> _What to produce_
The answer must be the full data, restated word for word, with no pictures in it.

> _Input data_
BEGIN
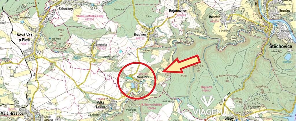 Pozemek se nachází na klidném okraji obce Malá Lečice a je přístupný cestou, která vede podél pozemku. Svojí klidnou polohou, jednoduchou přístupností a snadnou dostupností centra hlavního města Prahy je parcela skvělou investiční příležitostí. Pozemek lze využívat jako zahradu nebo vinici. Zároveň se jedná o ideální místo pro mobilheim nebo maringotku.
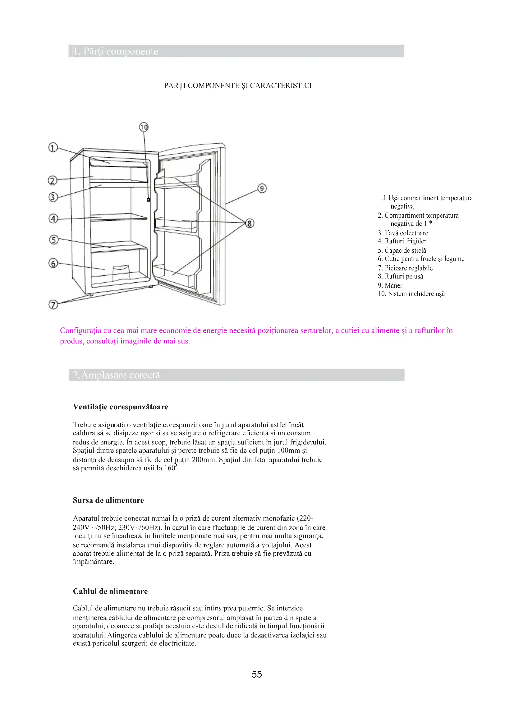 - în ceea ce privește un aparat frigorific de sine-stătător: „acest aparat frigorific nu este destinat a fi utilizat ca aparat încorporat”;541. Pri componente PRI COMPONENTE I CARACTERISTICI .1 U compartiment temperatura negativa 2. Compartiment temperatura negativa de 1 * 3. Tav colectoare 4. Rafturi frigider 5. Capac de sticl 6. Cutie pentru fructe i legume7. Picioare reglabile 8. Rafturi pe u 9. Mâner10. Sistem închidere u 2.Amplasare corect Ventilaie corespunztoare Trebuie asigurat o ventilaie corespunztoare în jurul aparatului astfel încât cldura s se disipeze uor i s se asigure o refrigerare eficient i un consum redus de energie. În acest scop, trebuie lsat un spaiu suficient în jurul frigiderului. Spaiul dintre spatele aparatului i perete trebuie s fie de cel puin 100mm i distana de deasupra s fie de cel puin 200mm. Spaiul din faa aparatului trebuie s permit deschiderea uii la 160
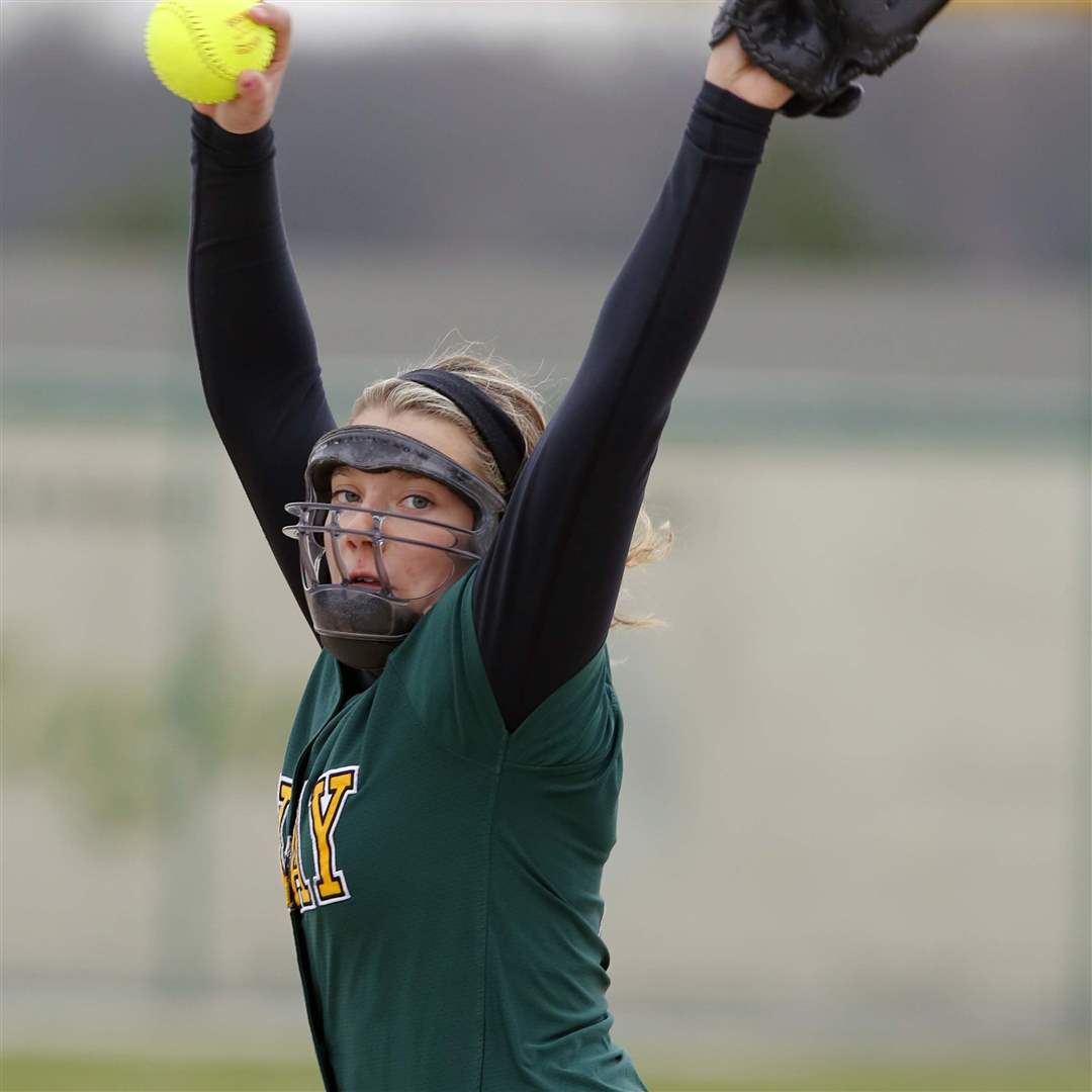 Oregon Clay pitcher Brooke Gallaher throws the pitch.
END
> _Written solution_
 Pozemek se nachází na klidném okraji obce Malá Lečice a je přístupný cestou, která vede podél pozemku. Svojí klidnou polohou, jednoduchou přístupností a snadnou dostupností centra hlavního města Prahy je parcela skvělou investiční příležitostí. Pozemek lze využívat jako zahradu nebo vinici. Zároveň se jedná o ideální místo pro mobilheim nebo maringotku.
 - în ceea ce privește un aparat frigorific de sine-stătător: „acest aparat frigorific nu este destinat a fi utilizat ca aparat încorporat”;541. Pri componente PRI COMPONENTE I CARACTERISTICI .1 U compartiment temperatura negativa 2. Compartiment temperatura negativa de 1 * 3. Tav colectoare 4. Rafturi frigider 5. Capac de sticl 6. Cutie pentru fructe i legume7. Picioare reglabile 8. Rafturi pe u 9. Mâner10. Sistem închidere u 2.Amplasare corect Ventilaie corespunztoare Trebuie asigurat o ventilaie corespunztoare în jurul aparatului astfel încât cldura s se disipeze uor i s se asigure o refrigerare eficient i un consum redus de energie. În acest scop, trebuie lsat un spaiu suficient în jurul frigiderului. Spaiul dintre spatele aparatului i perete trebuie s fie de cel puin 100mm i distana de deasupra s fie de cel puin 200mm. Spaiul din faa aparatului trebuie s permit deschiderea uii la 160
 Oregon Clay pitcher Brooke Gallaher throws the pitch.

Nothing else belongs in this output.